--- INPUT DATA ---
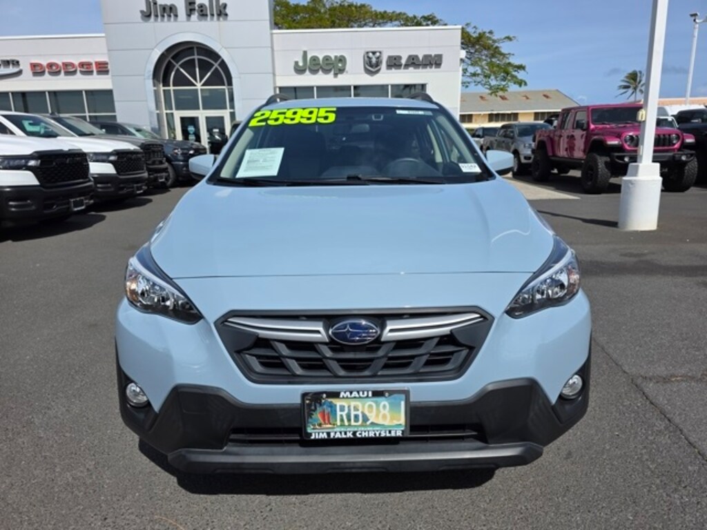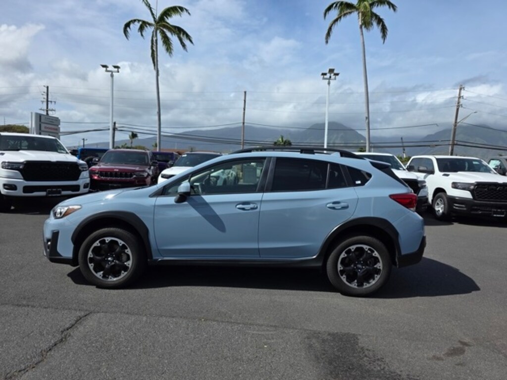This Subaru Crosstrek has many features and is well equipped including 3.90 Axle Ratio, 4-Wheel Disc Brakes, 6 Speakers, ABS brakes, Air Conditioning, Alloy wheels, AM/FM radio: SiriusXM, Anti-whiplash front head restraints, Automatic temperature control, Brake assist, Bumpers: body-color, CD player, Cloth Upholstery, Driver door bin, Driver vanity mirror, Dual front impact airbags, Dual front side impact airbags, Electronic Stability Control, Emergency communication system: STARLINK Safety and Security (Subscription Required), Exterior Parking Camera Rear, Four wheel independent suspension, Front anti-roll bar, Front Bucket Seats, Front Center Armrest, Front fog lights, Front reading lights, Fully automatic headlights, Heated door mirrors, Heated Front Bucket Seats, Heated front seats, Illuminated entry, Knee airbag, Leather Shift Knob, Low tire pressure warning, Occupant sensing airbag, Outside temperature display, Overhead airbag, Overhead console, Panic alarm, Passenger door bin, Passenger vanity mirror, Power door mirrors, Power steering, Power windows, Radio data system, Radio: Subaru STARLINK 6.5" Multimedia Plus System, Rear anti-roll bar, Rear window defroster, Rear window wiper, Remote keyless entry, Security system, Speed control, Speed-sensing steering, Split folding rear seat, Spoiler, STARLINK/Apple CarPlay/Android Auto, Steering wheel mounted audio controls, Tachometer, Telescoping steering wheel, Tilt steering wheel, Traction control, Trip computer, Variably intermittent wipers, and Wheels: 17" x 7.0J Alum Alloy Blk w/Machine Finish. Lagoon Blue Pearl 2023 Subaru Crosstrek Premium AWD Lineartronic CVT 2.0L 4-Cylinder DOHC 16V
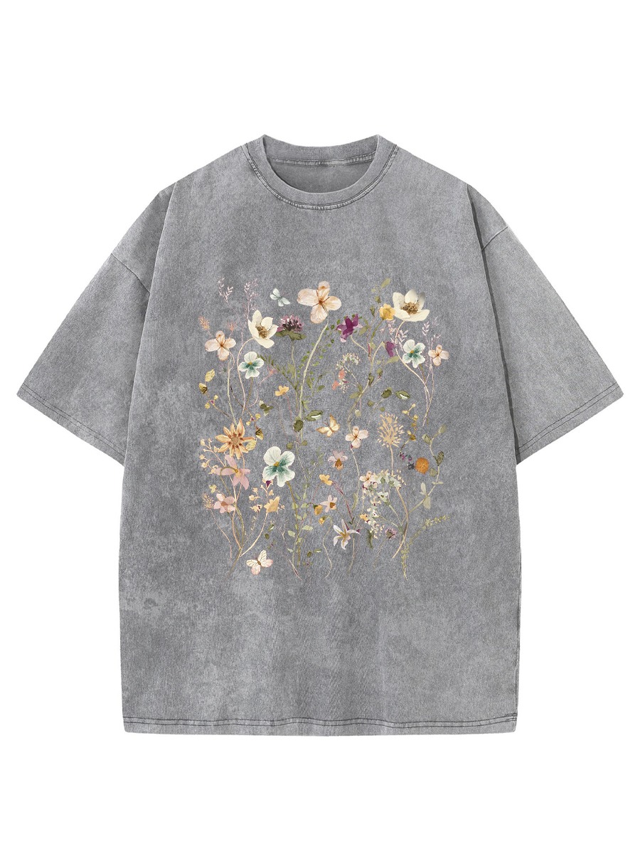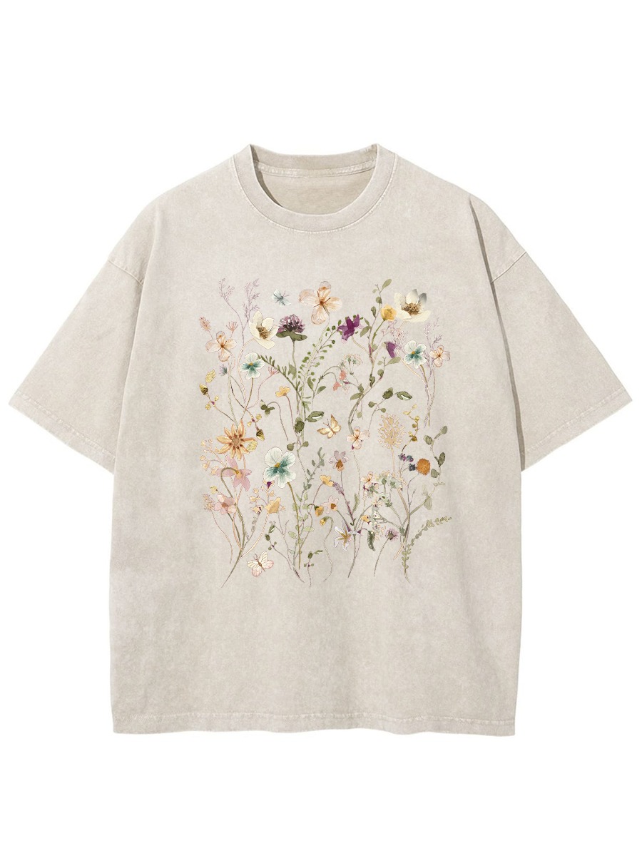 Plus Size Boho Wildflowers Cottagecore Washed T-Shirt: Meet Your Trendy
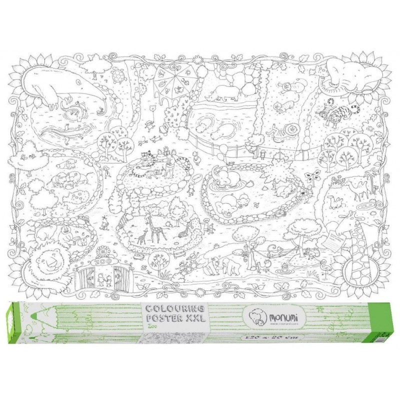 Kolorowanka podłogowa XXL "Zoo" 120x80cm Ogromna powierzchnia do kolorowania kredkami, flamastrami i farbami Kolorowanka wykonana jest z grubego kartonu (podobnego do brystolu), który można bez końca rozkładać i zwijać Wzmocniony spód arkusza zabezpiecza przed przesiąkaniem farb Przygotowane ilustracje ćwiczą spostrzegawczość, a duża powierzchnia umożliwia wspólne rysowanie kilkorgu dzieciom jednocześnie Wygodne opakowanie w formie tuby zabezpiecza kolorowankę i ułatwia transport Wiek: 5+ Wymiary: 120 x 180 cm Wymiary opakowania: 7 x 82 x 7 cm Waga z opakowaniem: 0,4 kgSpecyfikacja
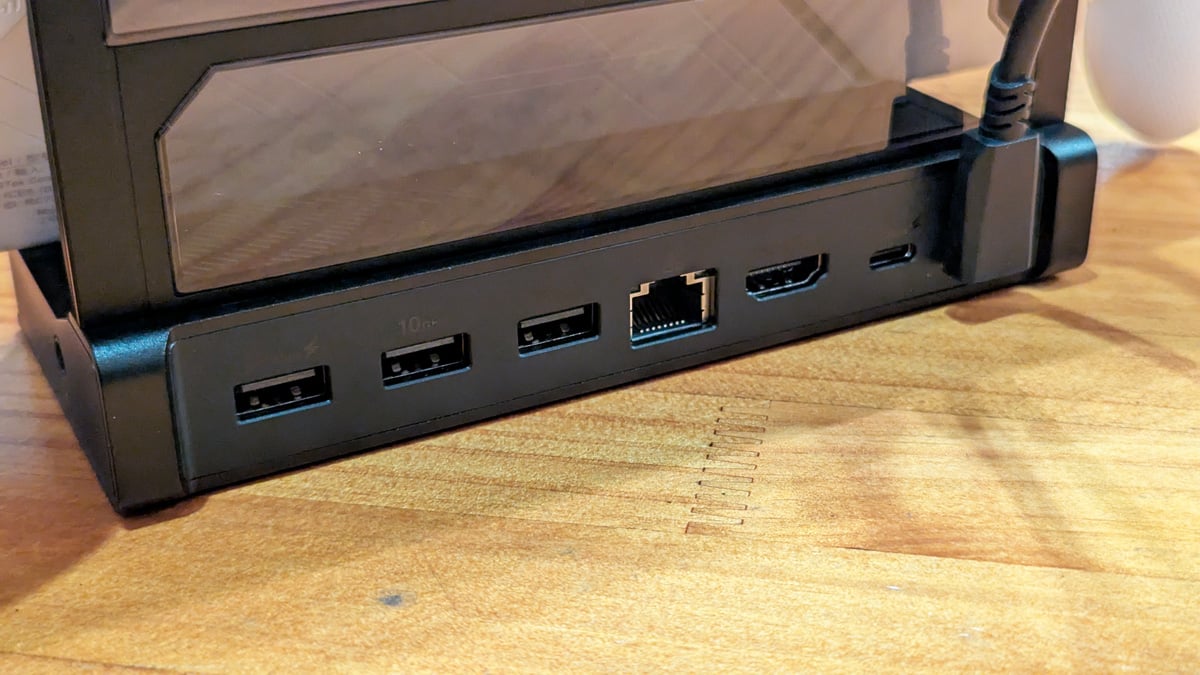 「ROG Bulwark Dock DG300」は、ROG Xbox Allyシリーズやスマホ、携帯ゲーム機、ノートPCとUSB-Cケーブル1本で接続して充電や外部デバイスとの接続に利用できるドッキングステーション。ポート構成はUSB 3.2 Gen2 Type-Cポート、USB 3.2 Gen2 Type-Aポート3基、LANポート、4K/144Hzと8K/30Hzに対応するHDMI 2.1ポート、3.5mmオーディオジャック。合計最大100W出力に対応します。アップストリームは転送速度10GbpsでPD 100Wに対応するUSB 3.2 Gen2 Type-C。希望小売価格は2万3980円(税込)です。
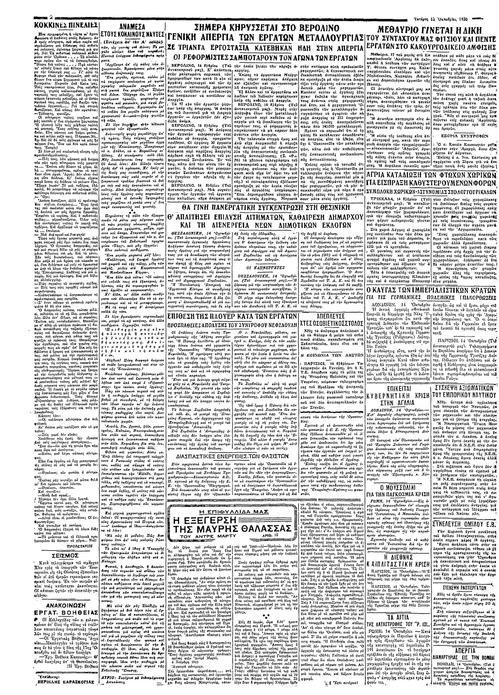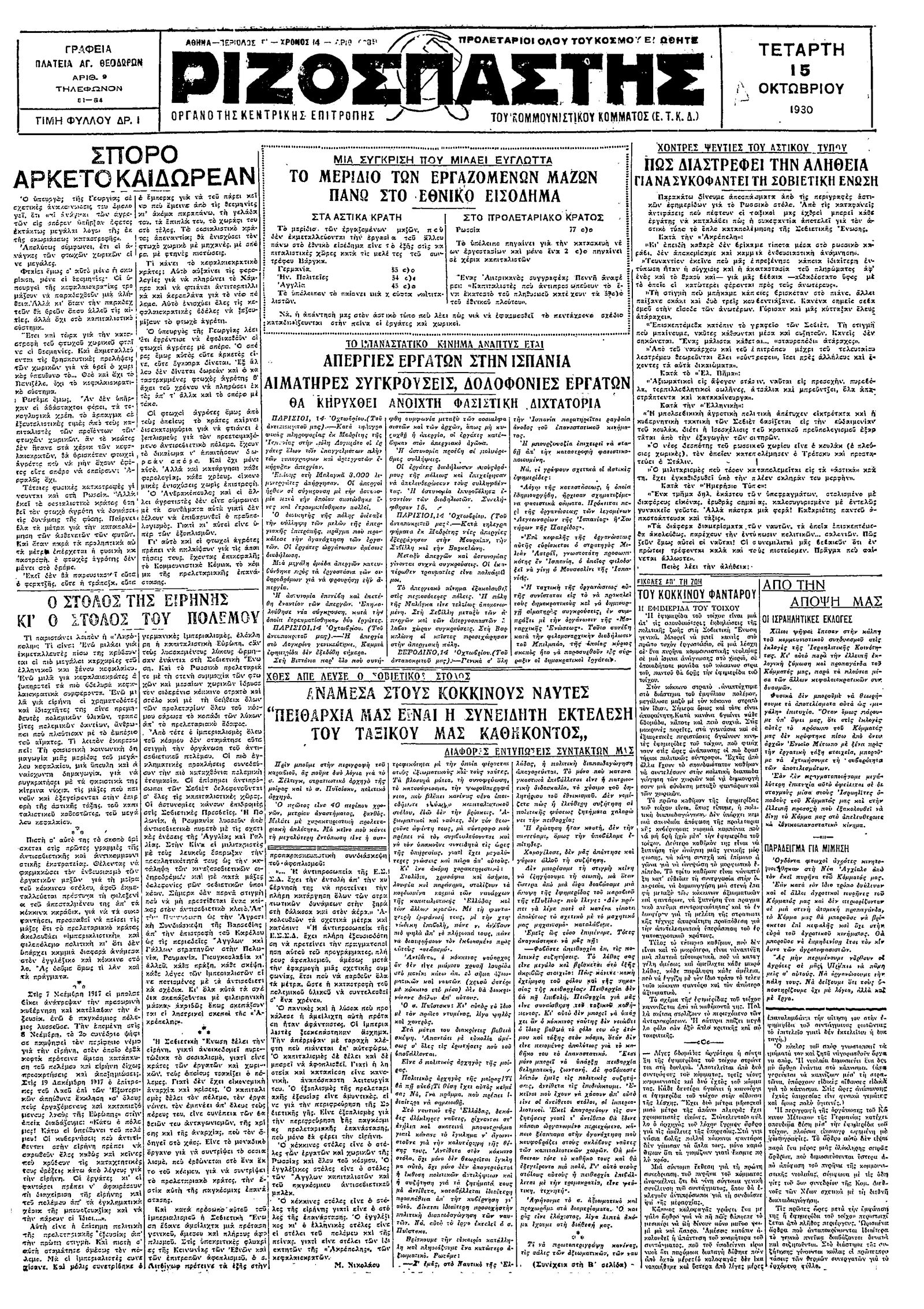 Ριζοσπάστης 15/10/1930
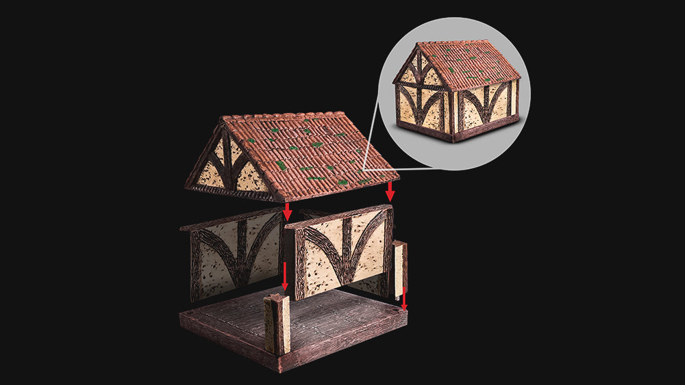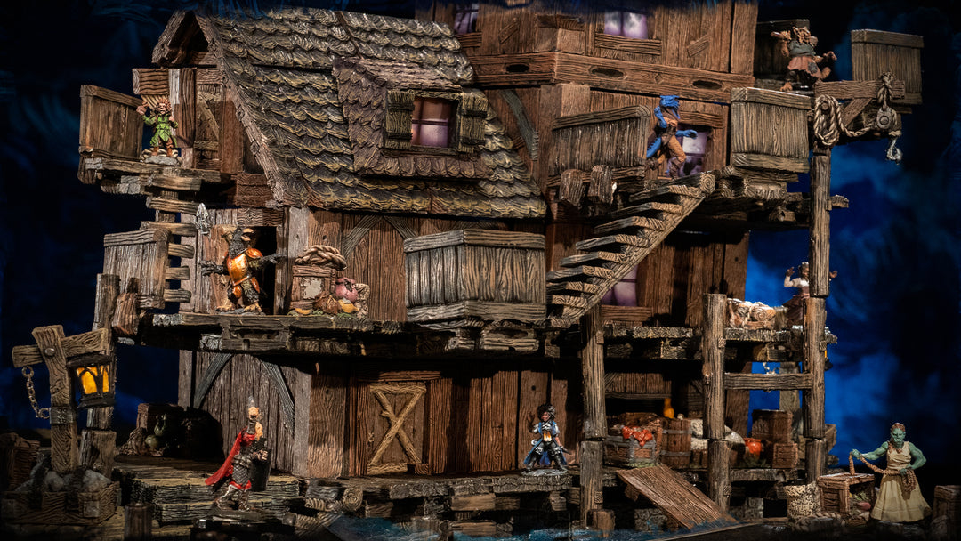 Our Cities collection is fully playable inside and outside, so you can have a tavern brawl spill out onto the street, chase a thief across the rooftops, or infiltrate a warehouse from the surrounding alleys. Whether you’re creating an inn for your RPG or a cluster of cottages for your skirmish, the same pieces can build both.
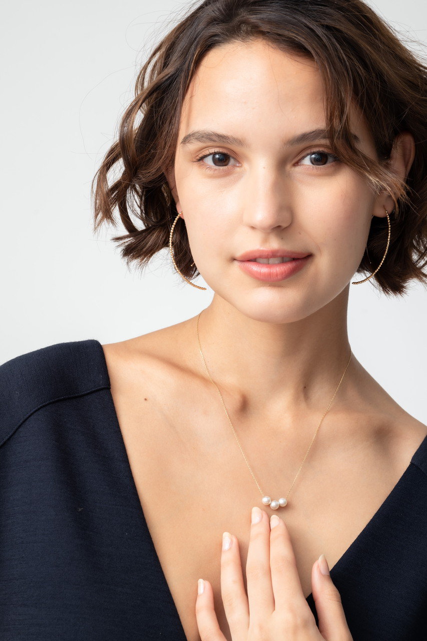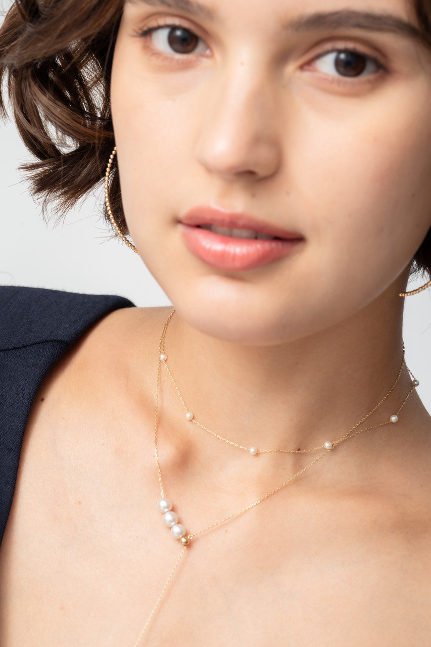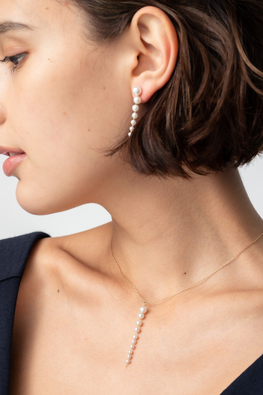 シンプルでありながら存在感のあるフローティングパールネックレスは、どんなスタイルにもマッチし、胸元へ洗練された雰囲気をプラス。ホリデーギフトにふさわしい、「ミズキ」の定番ネックレスです。
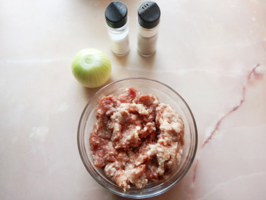 Заверните емкость с фаршем пищевой плёнкой и отправьте в холодильник примерно на два часа. За полчаса до начала приготовления включите духовку на 180-200 градусов.
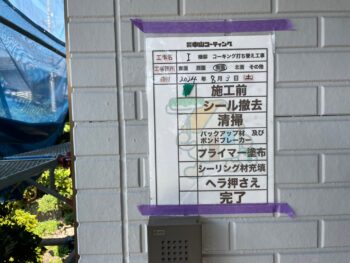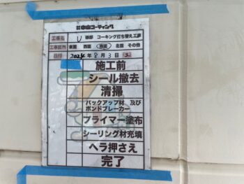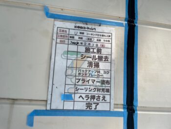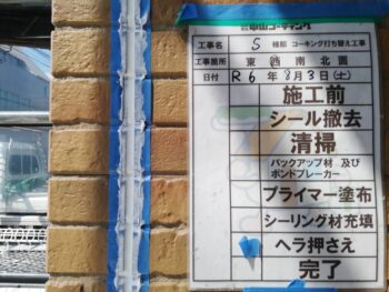 既存コーキング撤去作業を行います。
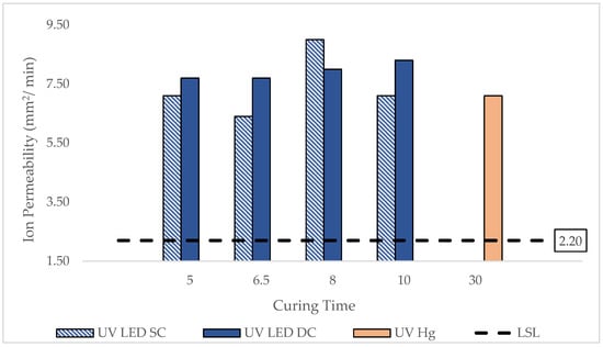 Ion permeability data of lenses cured by UV LED and UV Hg at various curing times.
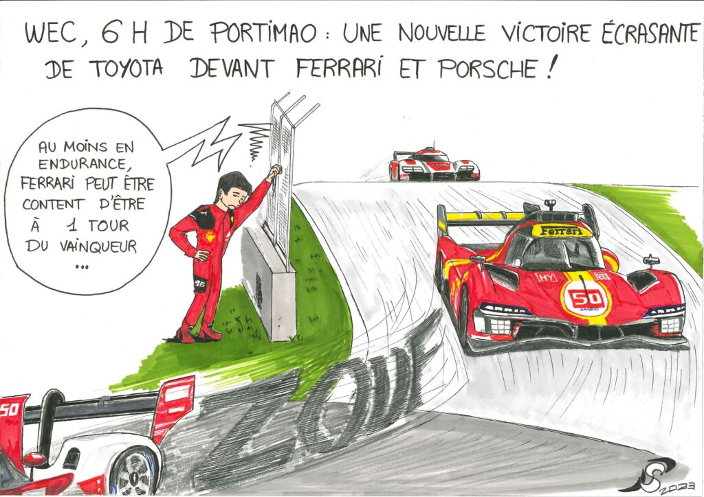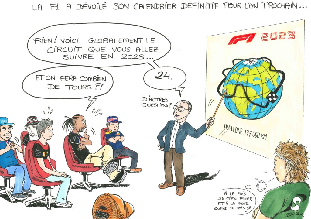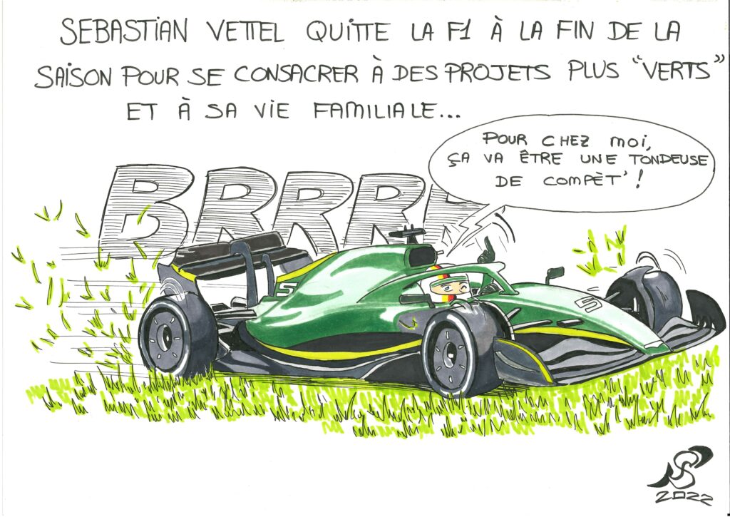En plus des planches, je traite certaines actus du sport auto en un dessin unique humoristique.
---
→ **TASK ITEM**:
Only an exact copy of the lines from the one with "Ion permeability data" through the last line of the data above is wanted, and no pictures.

→ **SOLUTION TO THE PROBLEM**:
 Ion permeability data of lenses cured by UV LED and UV Hg at various curing times.
En plus des planches, je traite certaines actus du sport auto en un dessin unique humoristique.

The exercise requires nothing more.